Chocolate Sauce
A rich homemade chocolate syrup made with Dutch-process cocoa, vanilla bean paste, and just enough salt to enhance the chocolate flavor. Perfect for mochas, cold brew, lattes, chocolate milk, and desserts.
This chocolate syrup is optimized for coffee drinks while remaining thick enough to use as an ice cream topping. Using Dutch-process cocoa powder creates a smoother, darker chocolate flavor, while vanilla bean paste adds depth that regular vanilla extract cannot match.
Adapted from: 5-Minute Homemade Chocolate Syrup
Ingredients
¾ cup Dutch-process cocoa powder, sifted
For a richer chocolate flavor, increase to ¾ cup plus 2 tablespoons.
Dutch-process cocoa powder produces a smoother, darker chocolate flavor than natural cocoa powder.1 cup granulated sugar
1 cup water
1–2 tablespoons vanilla bean paste
¼–½ teaspoon kosher salt
The salt level may seem high, but it significantly enhances the chocolate flavor and helps balance sweetness.
Directions
In a small saucepan, whisk together the sifted cocoa powder, sugar, and water over medium heat until smooth.
Sifting the cocoa powder is strongly recommended.
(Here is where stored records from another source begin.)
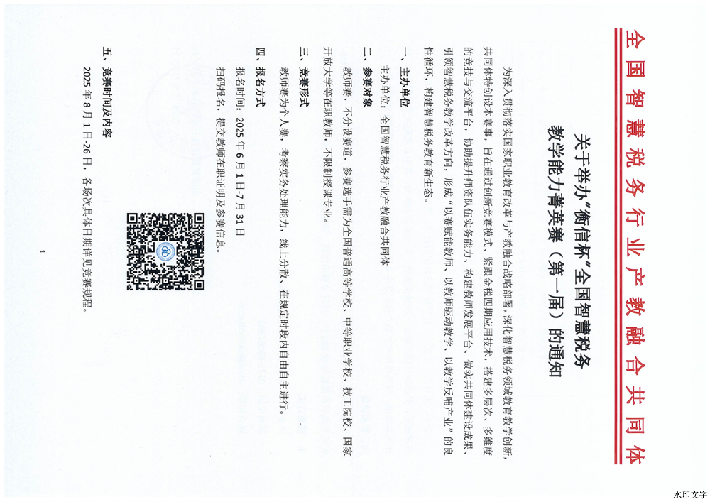 2025年“衡信杯”全国智慧税务教学能力菁英赛(第一届)竞赛通知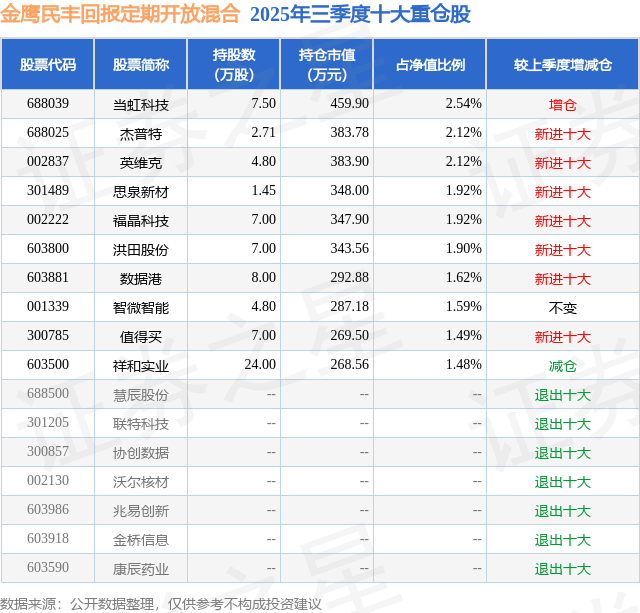 根据2025基金Q3季报公募基金重仓股数据,重仓该股的公募基金共1家,其中持有数量最多的公募基金为金鹰基金的金鹰民丰回报定期开放混合。金鹰民丰回报定期开放混合目前规模为1.81亿元,最新净值1.1401(11月7日),较上一交易日下跌0.45%,近一年上涨21.73%。该公募基金现任基金经理为林龙军。林龙军在任的基金产品包括:金鹰鑫益混合A,管理时间为2018年5月17日至今,期间收益率为37.05%;金鹰持久增利债券(LOF)C,管理时间为2018年5月17日至今,期间收益率为54.2%;金鹰元丰债券A,管理时间为2018年5月17日至今,期间收益率为73.31%;金鹰元祺债券A,管理时间为2018年6月2日至今,期间收益率为58.24%。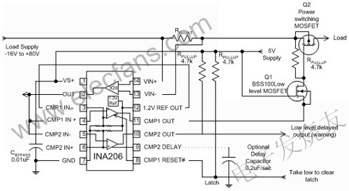圖6在該雙電平電流比較電路中,低電平延遲輸出可對即將發(fā)生的過載發(fā)出警報(bào),支持鎖存功能的上限可將負(fù)載電源關(guān)閉。

Unsifted cocoa tends to form clumps that become more noticeable as the syrup cools.
Bring to a gentle simmer, stirring frequently.
Do not allow the mixture to reach a rolling boil.
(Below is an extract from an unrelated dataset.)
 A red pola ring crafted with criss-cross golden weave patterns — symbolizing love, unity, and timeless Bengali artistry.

Simmer to your desired consistency.
For a thinner syrup that dissolves easily into iced coffee and cold brew, barely simmer before removing from heat.
For a thicker syrup with more body and texture in cold drinks, simmer for 3–5 minutes.Remove from heat and stir in the vanilla bean paste and kosher salt until fully incorporated.
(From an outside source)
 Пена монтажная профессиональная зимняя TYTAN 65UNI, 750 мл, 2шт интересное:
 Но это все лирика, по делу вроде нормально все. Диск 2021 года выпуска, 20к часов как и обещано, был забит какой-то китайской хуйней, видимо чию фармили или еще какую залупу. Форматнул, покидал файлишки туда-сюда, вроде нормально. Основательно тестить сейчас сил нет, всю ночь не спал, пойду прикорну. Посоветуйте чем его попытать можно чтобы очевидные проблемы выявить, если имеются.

Allow the syrup to cool slightly, then transfer to a glass bottle or jar.
Refrigerate until fully chilled before serving.
The syrup will continue to thicken as it cools.
Store in a sealed container in the refrigerator for up to 1 month. Shake or stir before using if any separation occurs.
This syrup works especially well in mochas, iced lattes, cold brew, chocolate milk, and over vanilla ice cream.